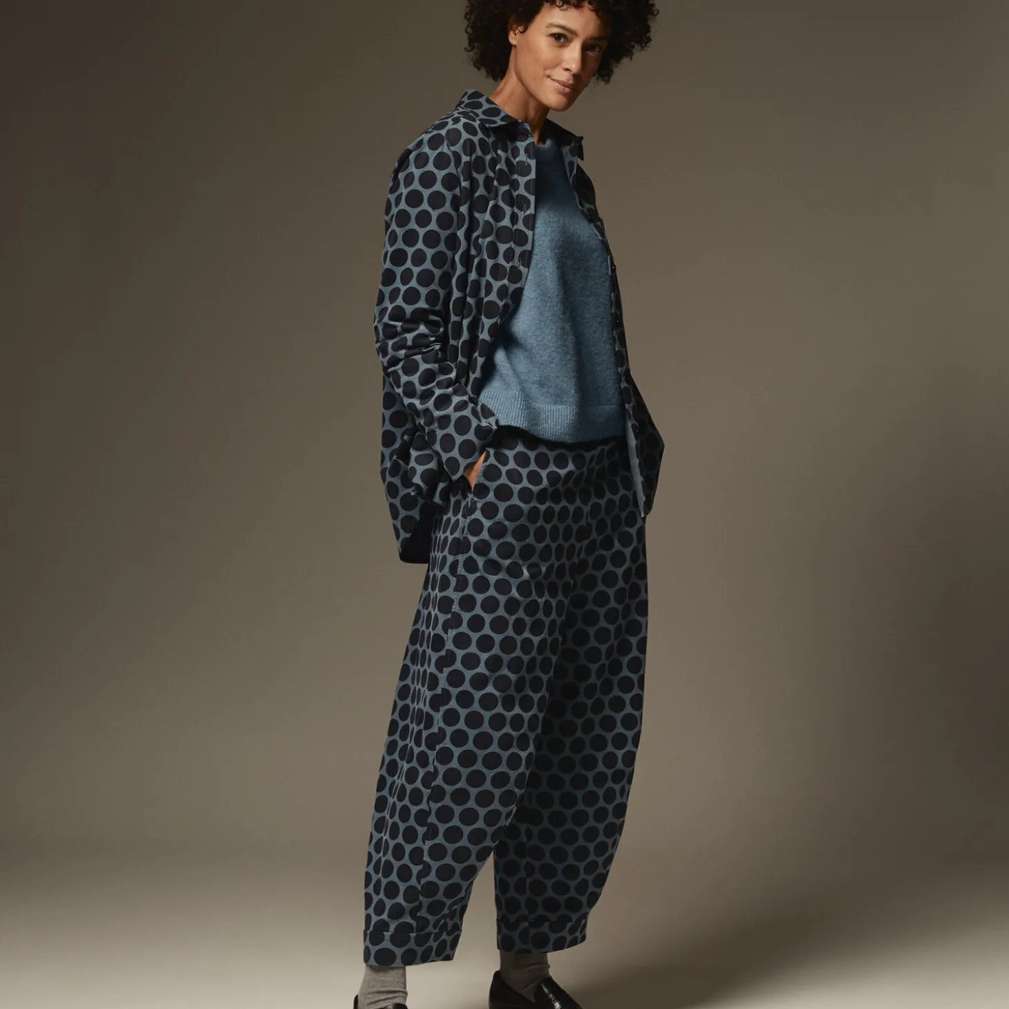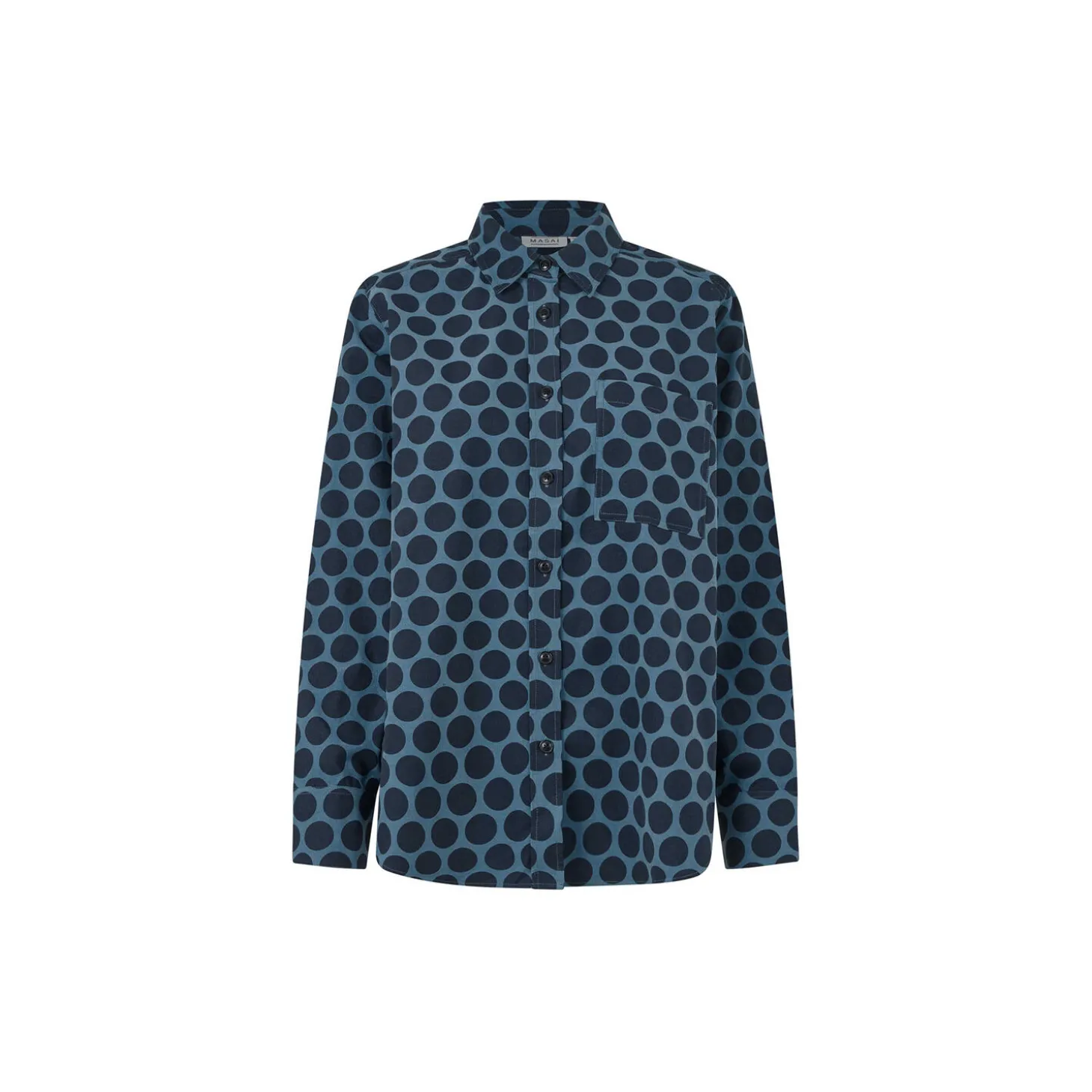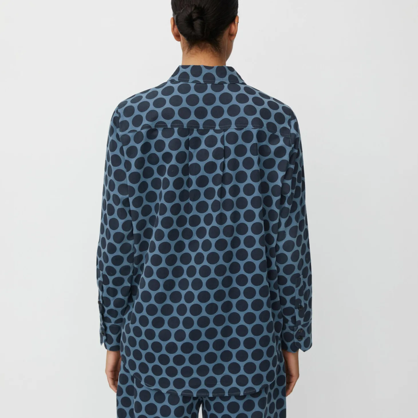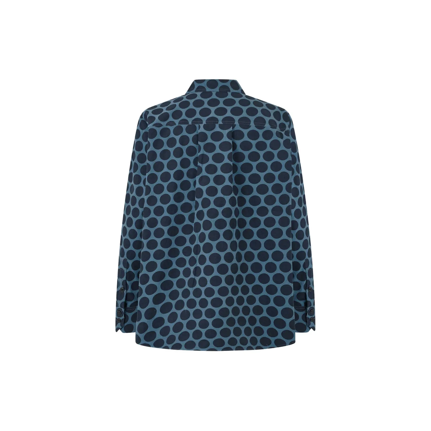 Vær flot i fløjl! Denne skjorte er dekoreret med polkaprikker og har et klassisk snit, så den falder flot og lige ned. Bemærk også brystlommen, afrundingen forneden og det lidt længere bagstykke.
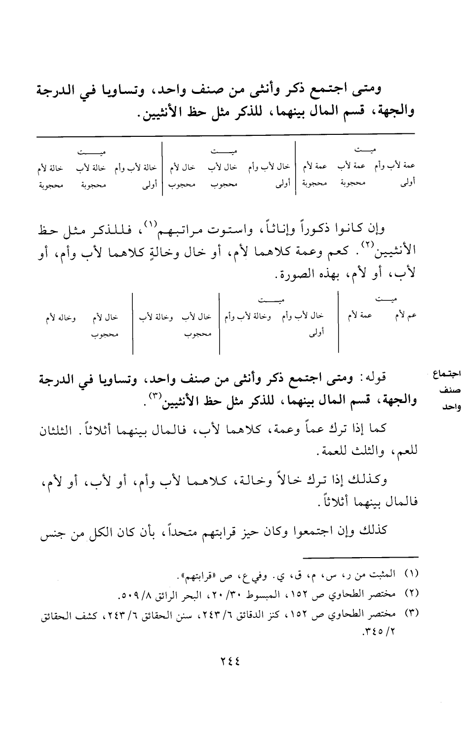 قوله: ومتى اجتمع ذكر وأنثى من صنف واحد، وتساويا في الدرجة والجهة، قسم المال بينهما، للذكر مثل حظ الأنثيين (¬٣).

==

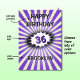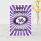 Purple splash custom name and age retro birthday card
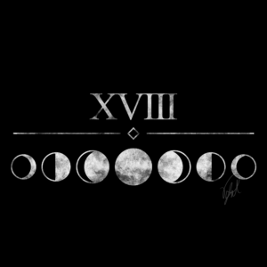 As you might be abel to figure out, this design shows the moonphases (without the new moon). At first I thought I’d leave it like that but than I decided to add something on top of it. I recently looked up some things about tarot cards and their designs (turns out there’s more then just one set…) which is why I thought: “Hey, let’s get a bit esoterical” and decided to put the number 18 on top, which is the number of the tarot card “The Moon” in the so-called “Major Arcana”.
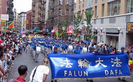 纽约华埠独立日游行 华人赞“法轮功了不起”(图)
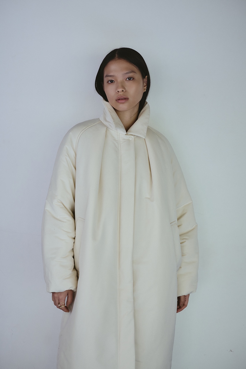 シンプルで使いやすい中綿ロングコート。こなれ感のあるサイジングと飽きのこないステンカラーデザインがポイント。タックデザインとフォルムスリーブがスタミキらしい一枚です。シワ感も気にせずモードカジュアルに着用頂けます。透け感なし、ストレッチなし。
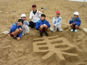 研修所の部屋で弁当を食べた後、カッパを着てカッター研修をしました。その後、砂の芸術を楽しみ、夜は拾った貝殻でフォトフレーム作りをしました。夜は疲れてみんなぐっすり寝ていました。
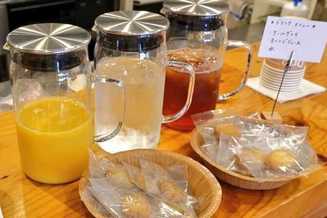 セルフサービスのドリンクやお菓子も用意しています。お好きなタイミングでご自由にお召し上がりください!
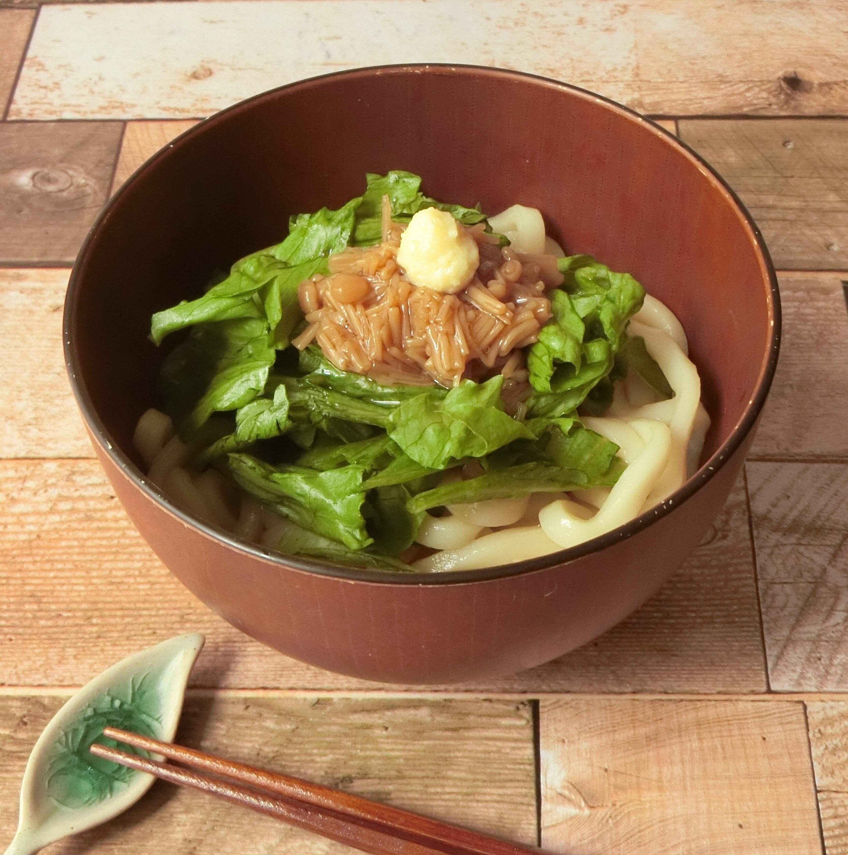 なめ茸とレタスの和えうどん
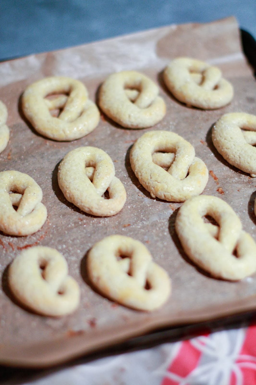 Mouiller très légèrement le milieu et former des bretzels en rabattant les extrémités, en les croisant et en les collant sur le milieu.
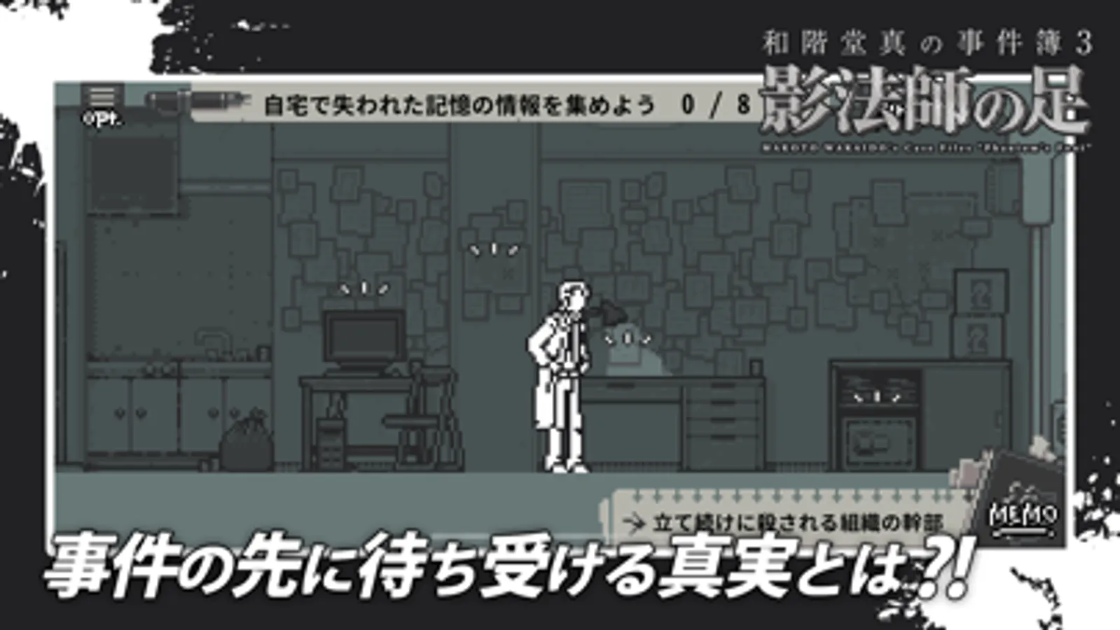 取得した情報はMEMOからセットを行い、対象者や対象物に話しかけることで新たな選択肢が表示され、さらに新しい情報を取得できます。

TASK
Using the data above, print only the lines starting at the one with "なめ茸とレタスの和えうどん" and ending at the one with "取得した情報はMEMOからセ", exactly as they stand, minus the pictures.

ANSWER AREA
 なめ茸とレタスの和えうどん
 Mouiller très légèrement le milieu et former des bretzels en rabattant les extrémités, en les croisant et en les collant sur le milieu.
 取得した情報はMEMOからセットを行い、対象者や対象物に話しかけることで新たな選択肢が表示され、さらに新しい情報を取得できます。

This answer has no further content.